Kanban — Classes of Service

Kanban — Classes of Service
Man screaming into phone Source License

How do you use the expedite swim lane?

“There needs to be best efforts to get this done ASAP”

Taking my son to school today was painful. We need to drive and park in the car park so that I can get his wheelchair out.

Cars were queuing out into the main road. People were everywhere, flitting around. Children were running between cars. A car was blocking cars, hence the queue. It was chaos. I was nervous about hitting someone. There was just too much going on.

I wish I was treated like a VIP. A modern Moses, that would part the hoards of people and cars

and allow me to reach the sanctity of the empty space at the back of the school car park.

Realising that I wasn’t sitting in traffic; I had become traffic; myself part of the problem.

Still yearning to the treated as an exception, I wanted a different class of service to everyone else on the school run that day.

Classes of Service

Classes of Service (CoS) are one of the more advanced features of Kanban. However, their implementation doesn’t need to be massively complicated to get value from this paradigm.

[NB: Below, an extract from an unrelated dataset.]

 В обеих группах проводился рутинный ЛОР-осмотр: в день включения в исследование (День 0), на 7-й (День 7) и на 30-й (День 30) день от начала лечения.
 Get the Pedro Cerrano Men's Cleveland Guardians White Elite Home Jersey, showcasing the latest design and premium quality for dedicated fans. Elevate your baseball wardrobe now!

The idea is that different types of work are treated differently. Traditionally, there are four different classes:

  1. Expedite
  2. Fixed Date
  3. Standard
  4. Intangible

In our current team (see Shape of You), we haven’t gone full fat CoS, but we do have two expedite swim lanes. There’s one for our SRE portion of our board, and another for our Feature portion. These complement our standard class which we use as the default.

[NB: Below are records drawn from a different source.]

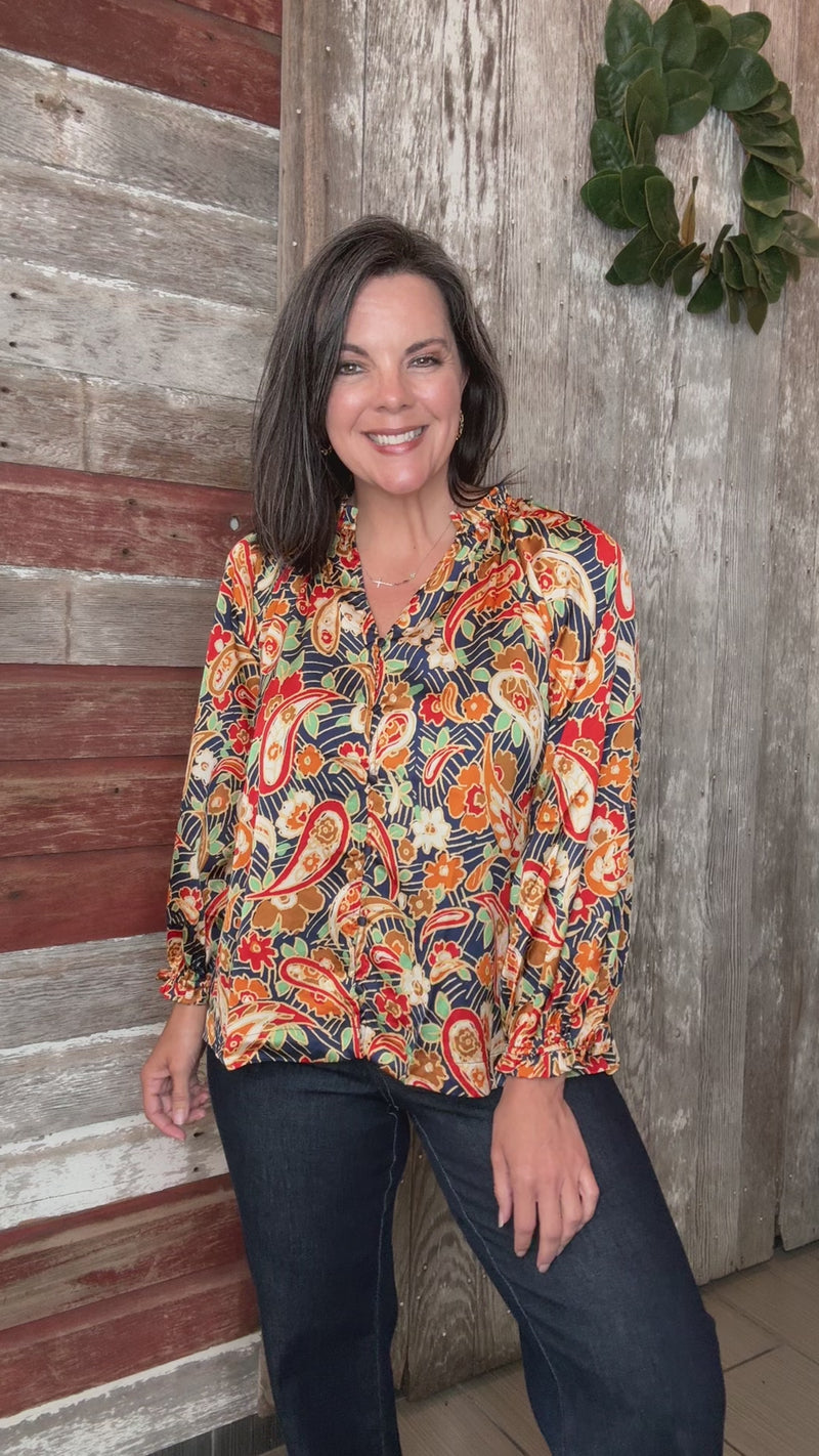 Elevate your wardrobe with this Navy Satin Paisley Blouse, featuring a refined slight V-neck that adds subtle sophistication. The ruffled hem details enhance its graceful silhouette, while fabric-covered buttons provide a polished finish. Designed with an oversized fit, this blouse offers both comfort and effortless style, perfect for dressing up or layering.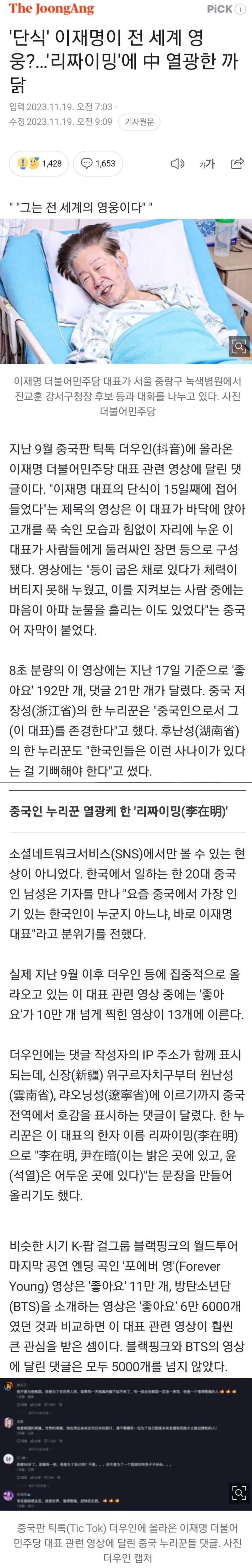근데 언제부터 중국애들이 우리나라 정치상황을 신경썼지?
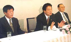 | 記者会見で抱負などを述べる新三機関長 (左から、姜永祐議長、金宰淑団長、洪性仁監察委員長) |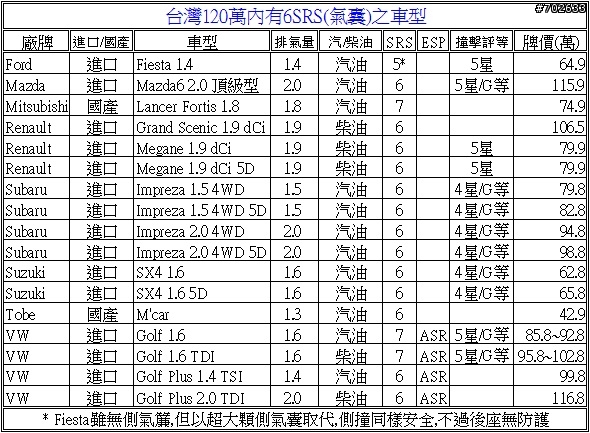 國產Fortis 2.0(旗艦型)/Accord 2.4(VTi-S)與進口RAV4 2.4(G尊貴版/4WD旗艦版)...紛紛拿出完整安全配備(6SRS),值得鼓勵;請大家多多宣導6SRS的重要性!!!側撞-...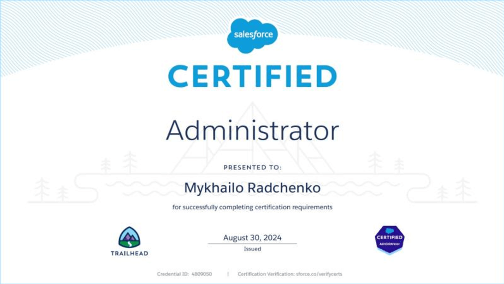 This is the foundational certification that shows an admin has the basic skills needed to manage and configure a Salesforce environment. By the way, Mykhailo is not only a Certified Salesforce Administrator but also an author on our website. You may check his articles here.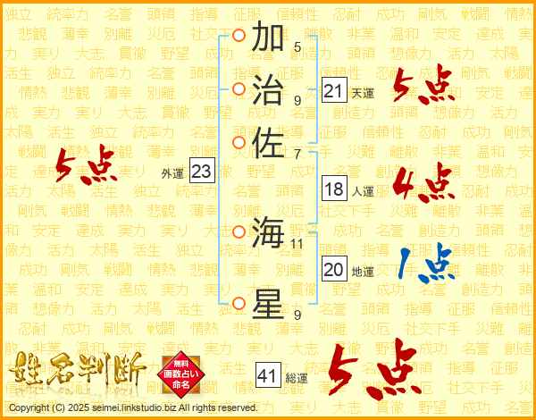 加治佐海星さんの総運は41画の5点!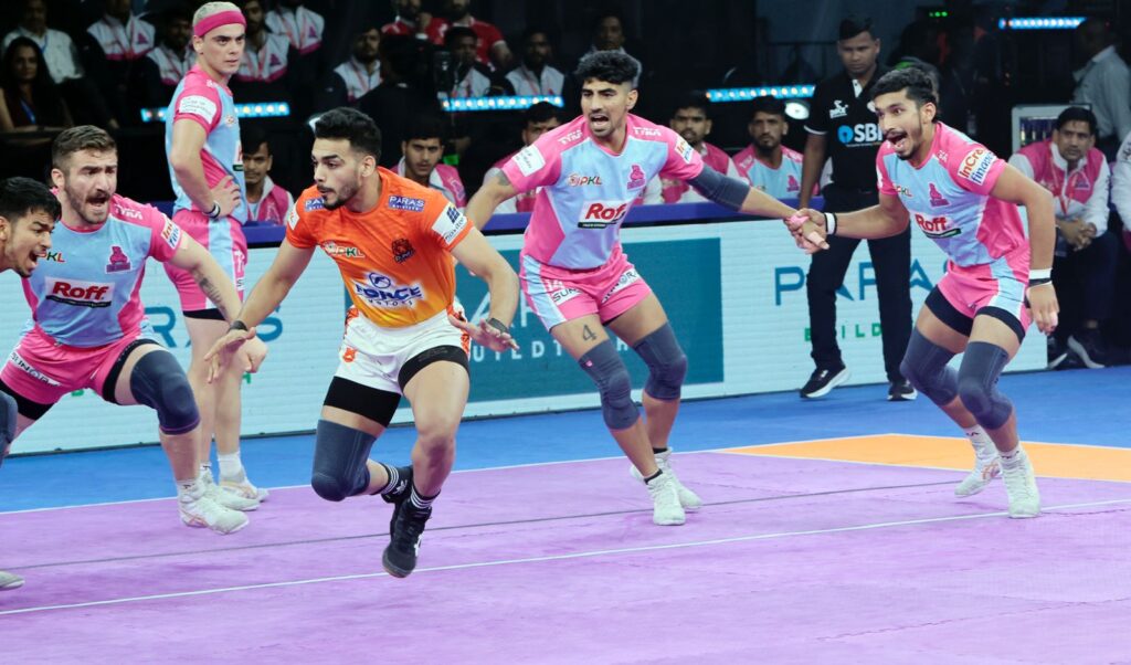 Chennai, October 5, 2025: Puneri Paltan clinched a thrilling contest against the Jaipur Pink Panthers, getting over the line with a 41-36 win at the SDAT Multi Purpose Indoor Stadium on Saturday. Ajay Thakur’s side managed to hold their opponents at bay, despite Ali Samadi’s 22-point masterclass, which was also the best performance by an international player in the league.

We do have fixed date and intangible classes, but they’re more implicit. The fixed date class feeds into our expedite classes and the intangible items just have a lower priority.

Myself, the product owner manages the Feature Expedite, and the SRE Lead manages the SRE Expedite. We both do it in different ways! Don’t worry, it’s okay :)

SRE Expedite CoS

The SRE works is prioritised by using a plugin called Foxly. Each Jira ticket is then given a number, the higher the more important. The tickets are ordered on the board in this descending priority order.

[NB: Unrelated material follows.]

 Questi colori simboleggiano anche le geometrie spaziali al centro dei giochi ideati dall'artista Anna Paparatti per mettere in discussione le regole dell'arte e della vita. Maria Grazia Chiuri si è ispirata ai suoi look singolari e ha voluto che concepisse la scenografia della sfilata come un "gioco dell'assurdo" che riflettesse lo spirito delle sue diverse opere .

Our workflow is to take the top ticket next, so in theory then most important piece of work is the one that gets lucky.

The prioritisation works very well due to the volume of SRE work that there currently is.

Fixed date deliverables, departmental goals and immediate actions from incidents aren’t taken into consideration when it comes to Foxly. But these clearly fall under a different CoS.

To get this work into the expedite column, we can set a date on the ticket and it’ll pop up nicely.

The developers then when finishing a ticket still take from the top, but if there’s something in expedite then they should take that ticket over non-expedite ones.

Pros

  • Easy to get a ticket into the expedite swim lane
  • Doesn’t interfere with existing Foxly Prioritisation
  • Less stress on the team

Cons

  • Can have multiple tickets in our expedite column reducing perceived importance
  • Fragments SRE / Makes the board look noisy

Feature Expedite CoS

When it comes to Feature work, I use the expedite swim lane in a different way. If we have a critical piece of work, then I update the priority to expedite.

To keep myself honest — so I don’t abuse the expedite column — I document the reason for expediting in the Jira ticket. There should also be no more than one expedite ticket on the board at once and a good break between expedite tickets if possible. For me, these tickets should be an exception to our usual way of working.

Here’s why. The expectation for the expedite column in Feature is quite different. They people on Feature need to drop what they’re doing straight away and jump on this ticket. All of them if needs be. There needs to be best efforts to get this done ASAP!

Pros

  • Easy to get a ticket into the expedite swim lane
  • Reduced frequency keeps the board tidy
  • Extreme focus on these tickets

Cons

  • Very disruptive for the team
  • Can easily be abused if not treated carefully

Example

I “dev tooled” our real board to come up with this example!

Issues

The main issue with both approaches is that we have two approaches. But these variances are highlighted on our daily stand ups when it comes to picking up the next task. There’s a small bit more of cognitive processing required, but it’s minor.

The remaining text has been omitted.